“The other day, it was as cold as cold can be and I turned on my street on Austin Boulevard and there was a line down the street at the shoe store—the coldest day of the year. People were in line to buy the new gym shoes that came out. They’re $250 a pair and there were 50 people in the line,” said Malcolm Crawford, founder and proprietor of Sankofa Cultural Arts & Business Center in Austin.
“African Americans hold a trillion dollars of the Gross Domestic Product [GDP] [but] 97 percent of that goes to somebody else,” Crawford said, during a talk at the Afrikan Village Chicago Cultural Center, 5840 W. Madison Street, on Feb. 22.
The conversation was part of the Center’s ongoing series of talks and lectures that it hosts. Every second and fourth Sunday. Crawford laid out his philosophy on black economic empowerment while recounting the history of, and motivation for, the Black Economic Empowerment Rally (B.E.E.R.) summits.

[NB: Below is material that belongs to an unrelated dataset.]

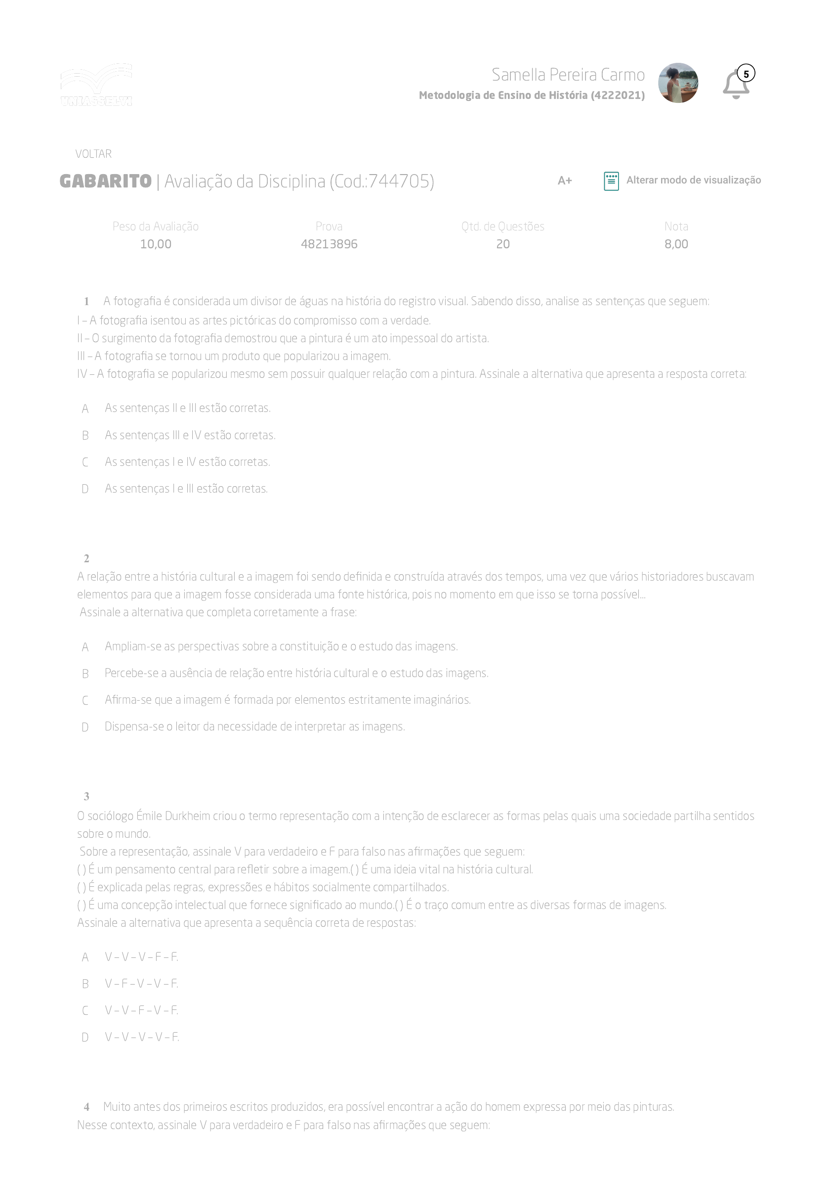 10/05/2022 09:48 AVA https://ava2.uniasselvi.com.br/subject/grades-and-tests/answer-book/eyJ0ZXN0Ijp7InRlc3RDb2RlIjoiNzQ0NzA1IiwiZGVzY3JpcHRpb24iOiJBdmFsaWHDp8OjbyBkYSBEaXNjaXBsaW5hIiwicGFyYW1ldGVyIjpudWxsL… 1/6 GABARITO | Avaliação da Disciplina (Cod.:744705) Peso da Avaliação 10,00 Prova 48213896 Qtd. de Questões 20 Nota 8,00 A fotografia é considerada um divisor de águas na história do registro visual. Sabendo disso, analise as sentenças que seguem: I – A fotografia isentou as artes pictóricas do compromisso com a verdade. II – O surgimento da fotografia demostrou que a pintura é um ato impessoal do artista. III – A fotografia se tornou um produto que popularizou a imagem. IV – A fotografia se popularizou mesmo sem possuir qualquer relação com a pintura. Assinale a alternativa que apresenta a resposta correta: A As sentenças II e III estão corretas. B As sentenças III e IV estão corretas. C As sentenças I e IV estão corretas. D As sentenças I e III estão corretas. A relação entre a história cultural e a imagem foi sendo definida e construída através dos tempos, uma vez que vários historiadores buscavam elementos para que a imagem fosse considerada uma fonte histórica, pois no momento em que isso se torna possível... Assinale a alternativa que completa corretamente a frase: A Ampliam-se as perspectivas sobre a constituição e o estudo das imagens. B Percebe-se a ausência de relação entre história cultural e o estudo das imagens. C Afirma-se que a imagem é formada por elementos estritamente imaginários. D Dispensa-se o leitor da necessidade de interpretar as imagens. O sociólogo Émile Durkheim criou o termo representação com a intenção de esclarecer as formas pelas quais uma sociedade partilha sentidos sobre o mundo. Sobre a representação, assinale V para verdadeiro e F para falso nas afirmações que seguem: ( ) É um pensamento central para refletir sobre a imagem.( ) É uma ideia vital na história cultural. ( ) É explicada pelas regras, expressões e hábitos socialmente compartilhados. ( ) É uma concepção intelectual que fornece significado ao mundo.( ) É o traço comum entre as diversas formas de imagens. Assinale a alternativa que apresenta a sequência correta de respostas: A V – V – V – F – F. B V – F – V – V – F. C V – V – F – V – F. D V – V – V – V – F. Muito antes dos primeiros escritos produzidos, era possível encontrar a ação do homem expressa por meio das pinturas. Nesse contexto, assinale V para verdadeiro e F para falso nas afirmações que seguem: VOLTAR A+ Alterar modo de visualização 1 2 3 4 Samella Pereira Carmo Metodologia de Ensino de História (4222021) 5 10/05/2022 09:48 AVA https://ava2.uniasselvi.com.br/subject/grades-and-tests/answer-book/eyJ0ZXN0Ijp7InRlc3RDb2RlIjoiNzQ0NzA1IiwiZGVzY3JpcHRpb24iOiJBdmFsaWHDp8OjbyBkYSBEaXNjaXBsaW5hIiwicGFyYW1ldGVyIjpudWxsL… 2/6 ( ) As evidências a respeito da existência do homem na terra têm nas imagens os indícios mais primitivos. ( ) As ilustrações humanas primitivas auxiliam no entendimento do modo de vida das sociedades que as criaram. ( ) As sociedades primitivas encontraram na criação da escrita uma forma de expressar seu modo de vida, o que não acontecia com o uso das imagens. ( ) A região onde foram encontradas as primeiras pinturas feitas pelas sociedades primitivas se localiza no sul da África. Assinale a alternativa que apresenta a sequência correta de respostas: A V – V – F – V. B V – V – V – V. C V – V – V – F. D V – F – V – V. A imagem é uma espécie de reprodução ou imitação de uma forma, pessoa ou objeto, presente na origem da escrita, das religiões, da arte e do culto aos mortos. Sobre as teorias de Platão e Aristóteles acerca da imagem representar um núcleo de reflexão filosófica, assinale V para verdadeiro e F para falso nas afirmações que seguem: ( ) A imagem fascina as porções mais frágeis do espírito.( ) A imagem válida é a imagem própria. ( ) A imagem natural pode se tornar um instrumento do raciocínio. Assinale a alternativa que apresenta a sequência correta de respostas: A V – V – F. B V – V – V. C V – F – V. D V – F – F. O século XIX foi o período em que a história passou a ser tratada como uma disciplina científica. Nesse contexto, assinale V para verdadeiro e F para falso nas afirmações que seguem: ( ) Os historiadores desse período consideravam como fontes históricas os registros escritos formais. ( ) Os historiadores desse período acreditavam que os documentos escritos oficiais eram a única fonte que merecia crédito. ( ) Os historiadores desse período confiavam em todos os tipos de fontes históricas. Assinale a alternativa que apresenta a sequência correta de respostas: A V – V – V. B V – V – F. C V – F – V. D V – F – F. Saber formular perguntas pode parecer simples, mas é uma habilidade complexa que exige discernimento e flexibilidade, conforme o conteúdo, a forma e a função da pergunta. Nesse contexto, quanto às formas de perguntas, associe os itens que seguem: I – Abertas.II – Fechadas.III – Difusas.IV – Dirigidas. ( ) São caracterizadas por garantirem a fonte de informação desejada. ( ) São caracterizadas por incentivarem indivíduos com habilidades verbais. ( ) São caracterizadas por produzirem maior quantidade de informações.( ) São caracterizadas por suscitarem respostas objetivas e precisas. Assinale a alternativa que apresenta a sequência correta de respostas: A II – III – I – IV. B IV – III – II – I. C III – II – IV – I. D IV – III – I – II. 5 6 7 Samella Pereira Carmo Metodologia de Ensino de História (4222021) 5 10/05/2022 09:48 AVA https://ava2.uniasselvi.com.br/subject/grades-and-tests/answer-book/eyJ0ZXN0Ijp7InRlc3RDb2RlIjoiNzQ0NzA1IiwiZGVzY3JpcHRpb24iOiJBdmFsaWHDp8OjbyBkYSBEaXNjaXBsaW5hIiwicGFyYW1ldGVyIjpudWxsL… 3/6 O positivismo é uma

“We need to look at our money as a weapon and if you’re in a fight, would you give your weapon to your enemy?” Crawford asked the audience of about 35 serious listeners.
“Every time you go in your pocket, no matter who it is—the gas station, the grocery store, whoever it is—if there is no benefit for you, you shouldn’t be in there,” he said.

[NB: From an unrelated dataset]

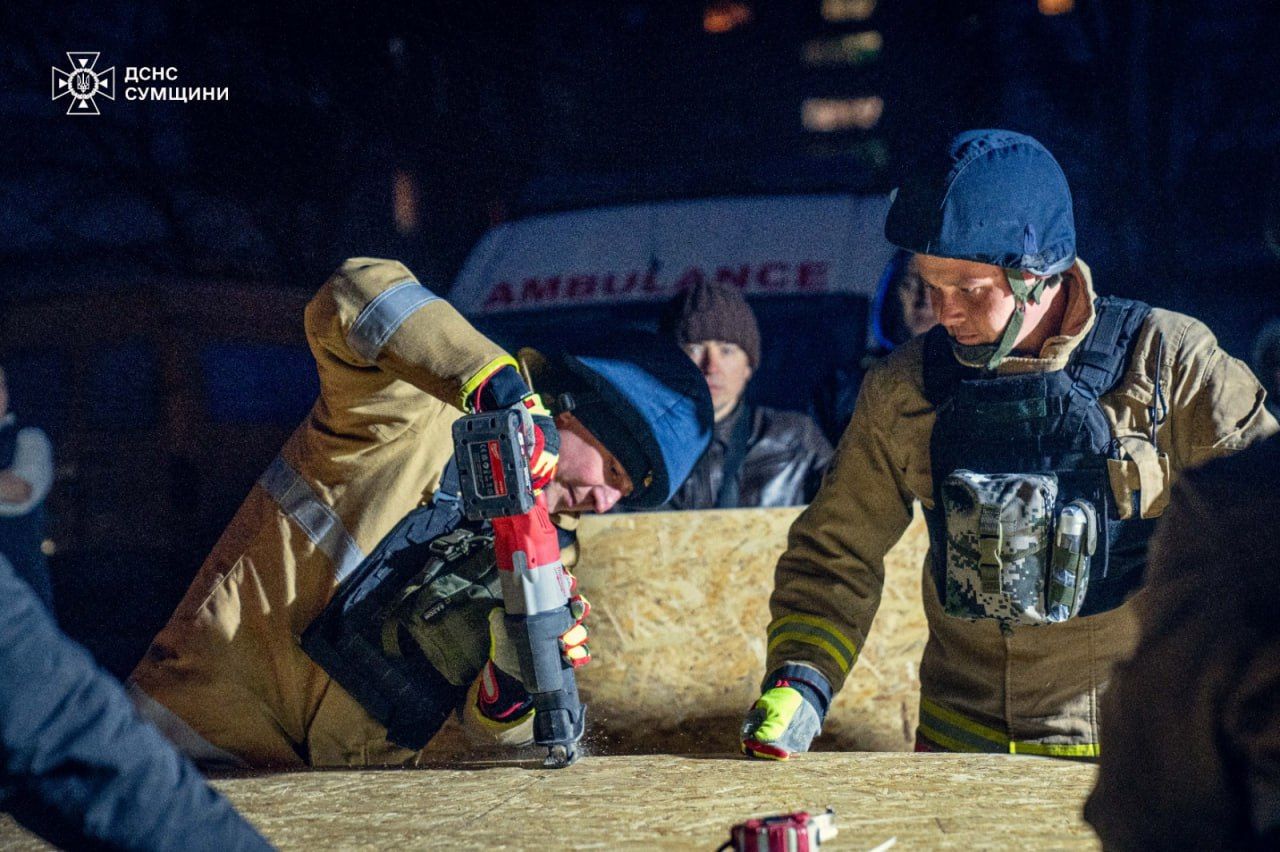 Спасатели продолжают работать на месте атаки в Сумах / Фото ГСЧС

Crawford’s strategic approach to consumption is behind his B.E.E.R. concept, which he said was spawned, ironically, from inaction. He got tired of sitting in on meetings and listening to credentialed people lay beautifully conceived plans that never materialized.
Last year, during a meeting of the Austin African American Business Networking Association (AAABNA), of which he is executive director, Crawford said he gave the group an ultimatum. Either put actions behind their plans or go on without him.
“I told them, we’ve been talking too long and every time we get up we got a plan, but when we walk out the door, the plan stops,” he said. “We’ve got major groups, major people—people with more letters behind their names than anybody—doing a lot of talking, but then they’re asking me for $10 to get home. So, I said, we’re going to have to do something for real. I don’t want to participate in another meeting if we don’t find something we can do collectively.”
There was a black-owned Subway on Lake and Pulaski that was on Crawford’s mind at the time. He told his group that they needed to see what they could do to support it. The challenge, he recalled, was finding a way to record who kept their word and who didn’t.
“We came up with these tickets that say, ‘I am part of the black economic movement and I support black businesses.’ And on the back of them, we allowed people to put their names, organizations and emails. That was so everybody who was in that room at that [AAABNR meeting]—we could put on blast if they didn’t show up,” Crawford said.
“All of those who do all of that great speaking—if we don’t shop together, it doesn’t mean anything,” he said.
They planned the B.E.E.R. for a Saturday, the following week, but Crawford said he was skeptical that people might not show up.
In the first two hours of that first B.E.E.R., the Subway generated $1,500 in revenue. By the end of the day, it had earned $2,600, with people like Congressman Danny K. Davis and state Rep. LaShawn K. Ford stopping by to spend money.
Word about the event had spread on social media sites and the old fashioned way, through word-of-mouth. Crawford said that, contrary to what might be assumed, when he took a look at the tickets and saw the top referrals—they weren’t prominent pastors, but small businesspeople. The observation confirmed his hunch that real power in the Austin community flows through businesses.
Crawford said that the several rallies that AAABNR has hosted since that first one at Subway have generated at least $1,300 for each participating businesses—a figure Crawford said he wants to raise substantially.
The next B.E.E.R. will take place at Second Times the Charm Boutique at 5303 W. Chicago Avenue on Saturday, Feb. 28 at 1 p.m.